INSTRUCTIONS TO FOLLOW
Only the lines running from the line with "En cumplimiento de" to the end of the listing below should be copied, exactly, without pictures.

= = =

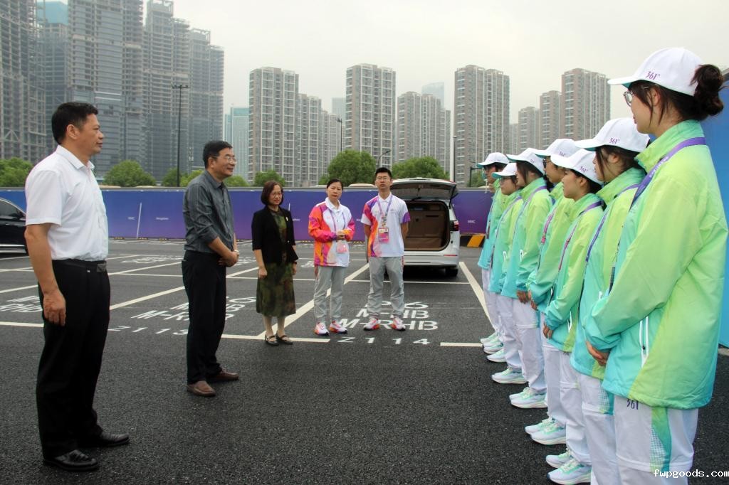 9月22日上午,学校党委副书记、校长邵庆祥,纪委书记朱利萍、办公室主任程余伟等一行赴杭州亚运会主媒体中心(MMC)P5停车场看望我校杭州第19届亚运会交通志愿者代表。
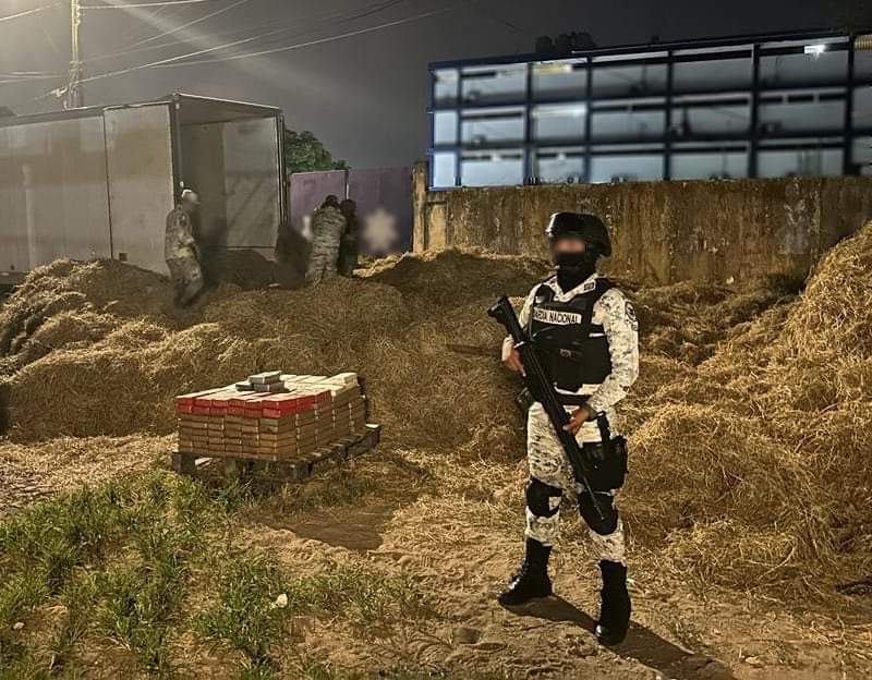 En cumplimiento de la Estrategia Nacional de Seguridad Pública y para contribuir con la Estrategia Nacional de Prevención de Adicciones Juntos por la Paz, en Veracruz, integrantes de la Guardia Nacional (GN) interceptaron un tractocamión que trasladaba un cargamento de aproximadamente 240 paquetes de aparente cocaína, oculta entre paja.
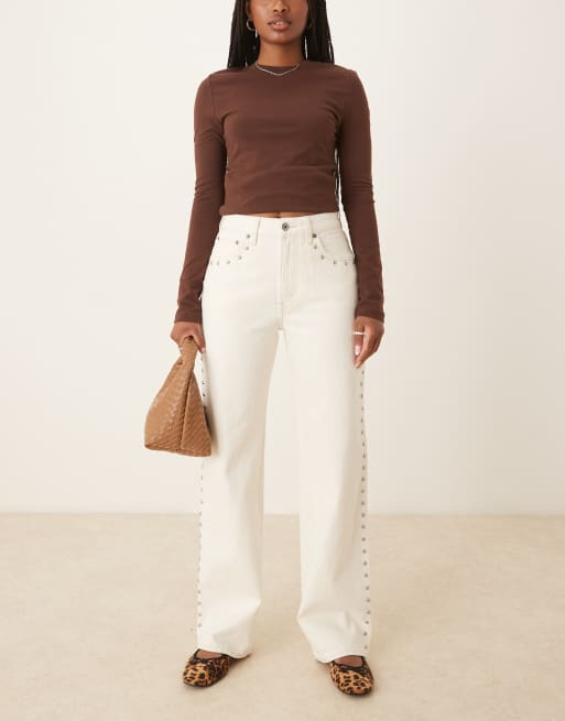 Abercrombie & Fitch - Curve Love - Ecrufarvede afslappede jeans med høj talje og nitter i 90'er-stil
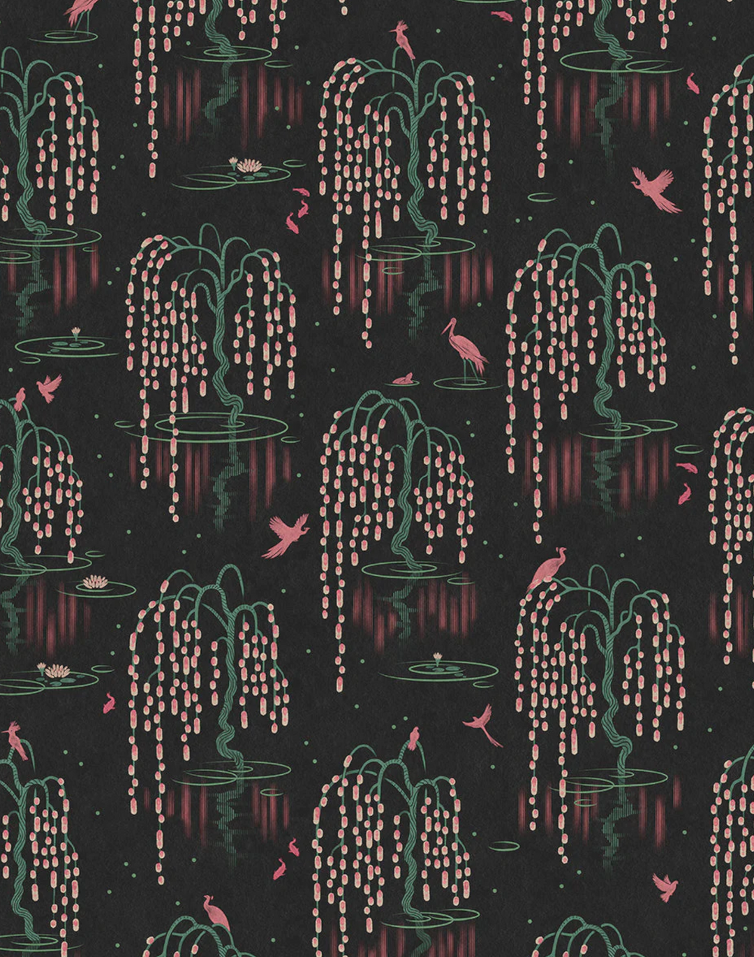 Inspired by the Japanese gardens of Holland Park and featuring delicate illustrations of cherry blossoms, lotus flowers, exotic birds and koi carp. Printed on luxuriously textured paper with a subtle and sophisticated sheen, create an oasis of calm that transports you to watercolor world.
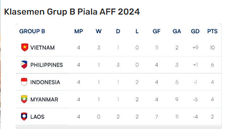 Klasemen Grup B Piala AFF 2024
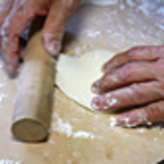 - おやきの生地を直径13~15cmになるように、中央は厚く外側は薄くなるように麺棒で均一にのばします。
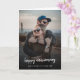 Simple, stylish custom photo Happy Anniversary card with modern minimalist handwritten script typography and a simple black gradient. The photo and text can easily be personalized for a design as unique as your special husband, wife, partner or for a happy couple! The image shown is for illustration purposes only to be replaced with your own photo. The placeholder image is of a stylish young couple wearing sunglasses and hugging each other smiling. Need help? Message me using the button below and I will he happy to help!
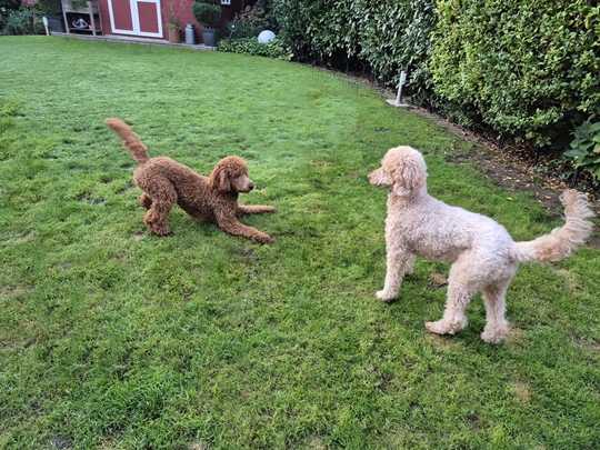 Die Leinenführigkeit ist noch ausbaufähig und unseren Rasen haben wir in diesem Jahr aufgegeben.
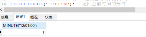 SELECT MINUTE(‘1两:01:00’);-- 返归当前工夫的分钟

= = =

EXERCISE RESULT
 En cumplimiento de la Estrategia Nacional de Seguridad Pública y para contribuir con la Estrategia Nacional de Prevención de Adicciones Juntos por la Paz, en Veracruz, integrantes de la Guardia Nacional (GN) interceptaron un tractocamión que trasladaba un cargamento de aproximadamente 240 paquetes de aparente cocaína, oculta entre paja.
 Abercrombie & Fitch - Curve Love - Ecrufarvede afslappede jeans med høj talje og nitter i 90'er-stil
 Inspired by the Japanese gardens of Holland Park and featuring delicate illustrations of cherry blossoms, lotus flowers, exotic birds and koi carp. Printed on luxuriously textured paper with a subtle and sophisticated sheen, create an oasis of calm that transports you to watercolor world.
 Klasemen Grup B Piala AFF 2024
 - おやきの生地を直径13~15cmになるように、中央は厚く外側は薄くなるように麺棒で均一にのばします。
 Simple, stylish custom photo Happy Anniversary card with modern minimalist handwritten script typography and a simple black gradient. The photo and text can easily be personalized for a design as unique as your special husband, wife, partner or for a happy couple! The image shown is for illustration purposes only to be replaced with your own photo. The placeholder image is of a stylish young couple wearing sunglasses and hugging each other smiling. Need help? Message me using the button below and I will he happy to help!
 Die Leinenführigkeit ist noch ausbaufähig und unseren Rasen haben wir in diesem Jahr aufgegeben.
 SELECT MINUTE(‘1两:01:00’);-- 返归当前工夫的分钟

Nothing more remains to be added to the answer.